May 20th will mark the second anniversary of the publication of the Strategic Plan for UF&Shands, the University of Florida Academic Health Center. We can be very proud that this plan, called “Forward Together,” has spurred tremendous progress. In the Jan. 11th issue of OTSP, our collective accomplishments were highlighted by college deans, research center and institute directors, and hospital CEOs. In the Jan. 20th issue, I summarized the strategic basis for our momentum, and the key factors responsible for maintaining our drive.   

The ground on which we stand, however, is shifting. Recent legislative actions regarding state support for our academic and clinical safety-net programs must be taken into account as we assess the realities of next year’s budget and plan for the future.
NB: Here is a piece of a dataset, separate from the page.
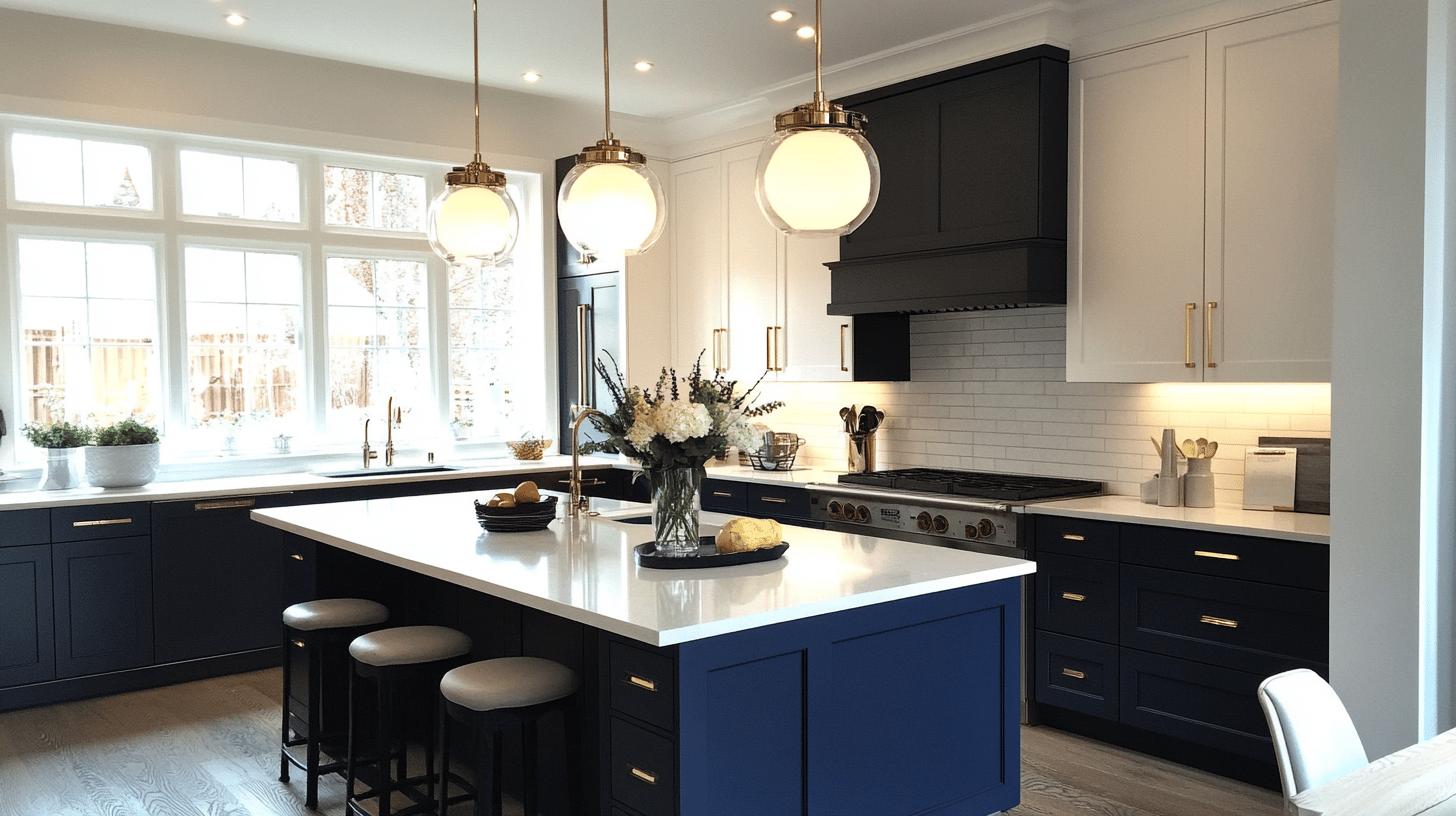 • Swapping all-white cabinets for navy lowers and white uppers instantly modernizes the look

We must retain our core values and strategies, but we also must adapt to a changing environment.  

Consider this summary of our core strategies and principles:

Core Strategies and Principles

In my opinion, the considerable success we have achieved is largely due to embracing these strategies and principles collectively. As we adapt to the cumulative loss of state and federal governmental support, which is likely to slip even more, we must embrace these principles more than ever.

The Need for Adaptation in Response to Changing Circumstances

Our faculty, staff and administrators must increasingly focus on generating greater resources outside of state budgets — such as through off-book education programs, externally funded research grants, philanthropy and clinical revenue. Strategic Planning Cabinet members who met over 10 months to devise the May 20, 2010 plan — i.e., the leadership of the colleges, centers, institutes and hospitals — came together this week to discuss these issues. This newsletter represents an expression of their ideas. Adaptations in our clinical programs will be considered in this edition, followed next week by a review of ideas on academic adaptations. Your comments are most welcome.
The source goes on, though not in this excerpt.